When writing out the entries below, keep only the lines from the line with "为进一步做实做细2022届毕" to the line with "一位8旬慢性阻塞性肺病(CO", both included, exactly as they are, and leave the pictures aside.

SUPPLIED ENTRIES
Start of Block
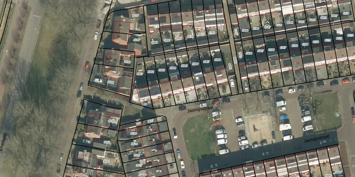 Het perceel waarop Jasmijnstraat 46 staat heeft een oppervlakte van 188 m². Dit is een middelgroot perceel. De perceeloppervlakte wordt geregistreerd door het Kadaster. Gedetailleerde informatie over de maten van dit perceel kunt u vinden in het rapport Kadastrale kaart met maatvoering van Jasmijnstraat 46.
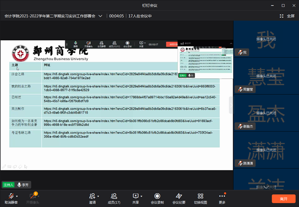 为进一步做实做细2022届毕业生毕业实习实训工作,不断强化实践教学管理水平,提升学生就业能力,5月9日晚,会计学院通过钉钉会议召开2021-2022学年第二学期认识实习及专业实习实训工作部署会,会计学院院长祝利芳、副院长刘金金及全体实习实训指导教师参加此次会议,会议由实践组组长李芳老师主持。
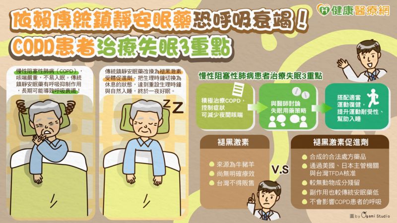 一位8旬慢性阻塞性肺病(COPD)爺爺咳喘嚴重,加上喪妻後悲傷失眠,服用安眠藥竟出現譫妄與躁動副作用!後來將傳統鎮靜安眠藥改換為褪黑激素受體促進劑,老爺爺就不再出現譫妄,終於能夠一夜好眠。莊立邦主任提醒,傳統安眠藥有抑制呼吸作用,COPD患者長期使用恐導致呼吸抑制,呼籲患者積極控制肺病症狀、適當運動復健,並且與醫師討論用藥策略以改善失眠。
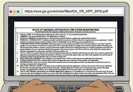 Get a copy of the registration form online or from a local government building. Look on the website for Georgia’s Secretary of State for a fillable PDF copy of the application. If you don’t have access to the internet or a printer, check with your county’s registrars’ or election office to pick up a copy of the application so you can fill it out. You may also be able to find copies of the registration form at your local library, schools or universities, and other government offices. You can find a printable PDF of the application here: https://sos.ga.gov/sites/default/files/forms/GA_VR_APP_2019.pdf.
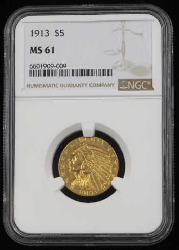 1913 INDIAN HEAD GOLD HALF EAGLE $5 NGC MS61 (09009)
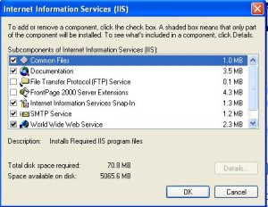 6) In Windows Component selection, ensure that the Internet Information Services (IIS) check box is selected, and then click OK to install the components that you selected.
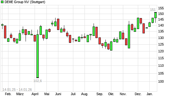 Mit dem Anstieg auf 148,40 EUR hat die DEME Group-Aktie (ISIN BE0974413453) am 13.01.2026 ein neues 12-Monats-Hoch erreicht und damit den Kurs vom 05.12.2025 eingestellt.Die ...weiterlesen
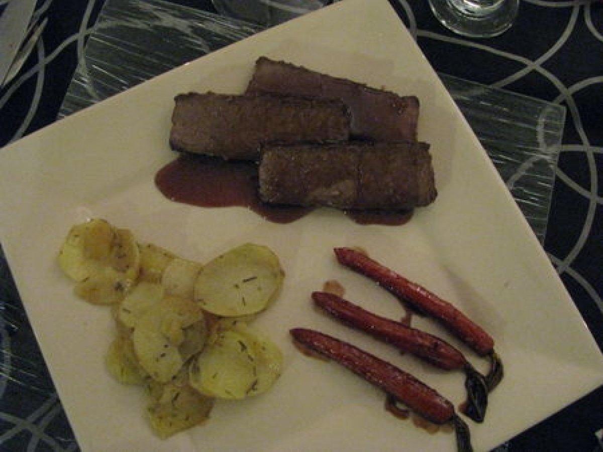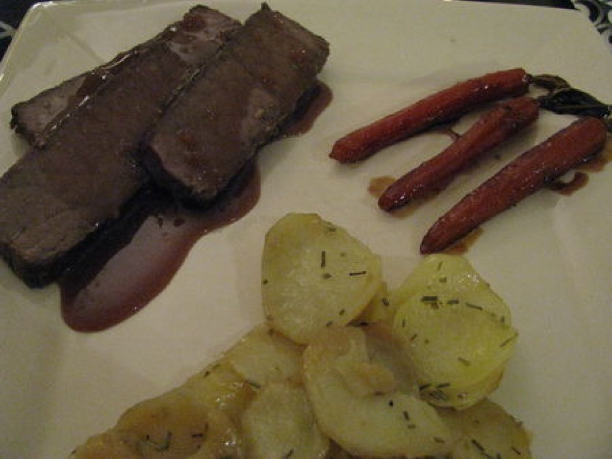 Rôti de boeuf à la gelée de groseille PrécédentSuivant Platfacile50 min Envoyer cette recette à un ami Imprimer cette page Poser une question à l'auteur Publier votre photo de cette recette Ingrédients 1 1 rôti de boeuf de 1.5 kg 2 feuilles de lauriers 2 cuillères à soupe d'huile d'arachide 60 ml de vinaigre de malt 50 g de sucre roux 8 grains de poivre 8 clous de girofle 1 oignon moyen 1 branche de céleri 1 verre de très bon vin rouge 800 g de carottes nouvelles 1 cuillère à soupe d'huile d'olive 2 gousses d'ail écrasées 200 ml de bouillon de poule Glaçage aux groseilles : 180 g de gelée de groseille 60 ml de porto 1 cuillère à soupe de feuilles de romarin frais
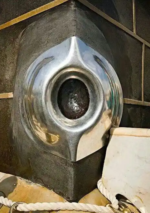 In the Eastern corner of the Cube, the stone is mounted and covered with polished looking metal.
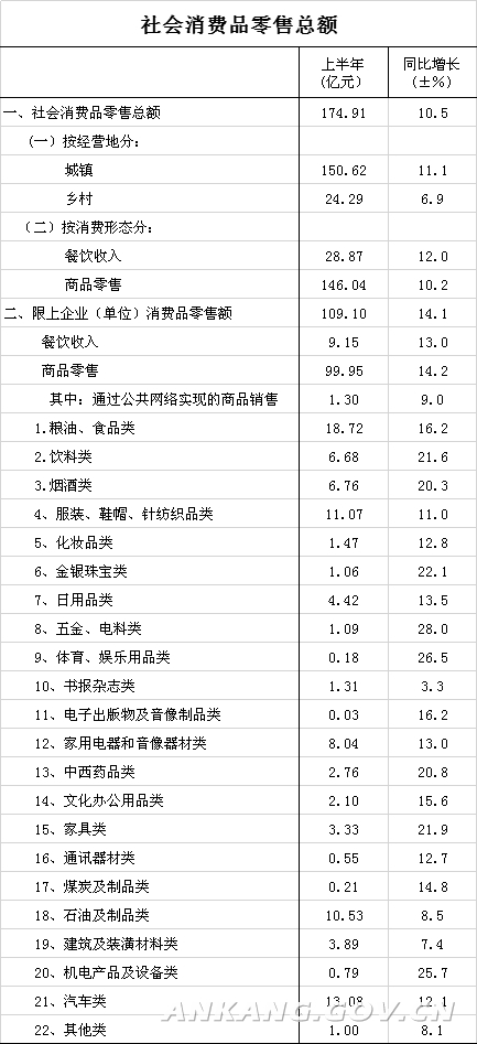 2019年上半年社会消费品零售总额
End of Block
Start of Block
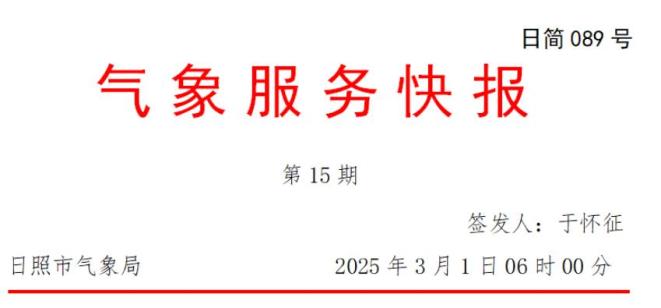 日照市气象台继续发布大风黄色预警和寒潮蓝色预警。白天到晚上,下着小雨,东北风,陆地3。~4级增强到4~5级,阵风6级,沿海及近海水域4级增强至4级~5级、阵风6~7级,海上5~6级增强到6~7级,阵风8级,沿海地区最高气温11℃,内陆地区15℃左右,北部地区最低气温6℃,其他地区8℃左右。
End of Block
RESPONSE FOR THIS EXERCISE
 为进一步做实做细2022届毕业生毕业实习实训工作,不断强化实践教学管理水平,提升学生就业能力,5月9日晚,会计学院通过钉钉会议召开2021-2022学年第二学期认识实习及专业实习实训工作部署会,会计学院院长祝利芳、副院长刘金金及全体实习实训指导教师参加此次会议,会议由实践组组长李芳老师主持。
 一位8旬慢性阻塞性肺病(COPD)爺爺咳喘嚴重,加上喪妻後悲傷失眠,服用安眠藥竟出現譫妄與躁動副作用!後來將傳統鎮靜安眠藥改換為褪黑激素受體促進劑,老爺爺就不再出現譫妄,終於能夠一夜好眠。莊立邦主任提醒,傳統安眠藥有抑制呼吸作用,COPD患者長期使用恐導致呼吸抑制,呼籲患者積極控制肺病症狀、適當運動復健,並且與醫師討論用藥策略以改善失眠。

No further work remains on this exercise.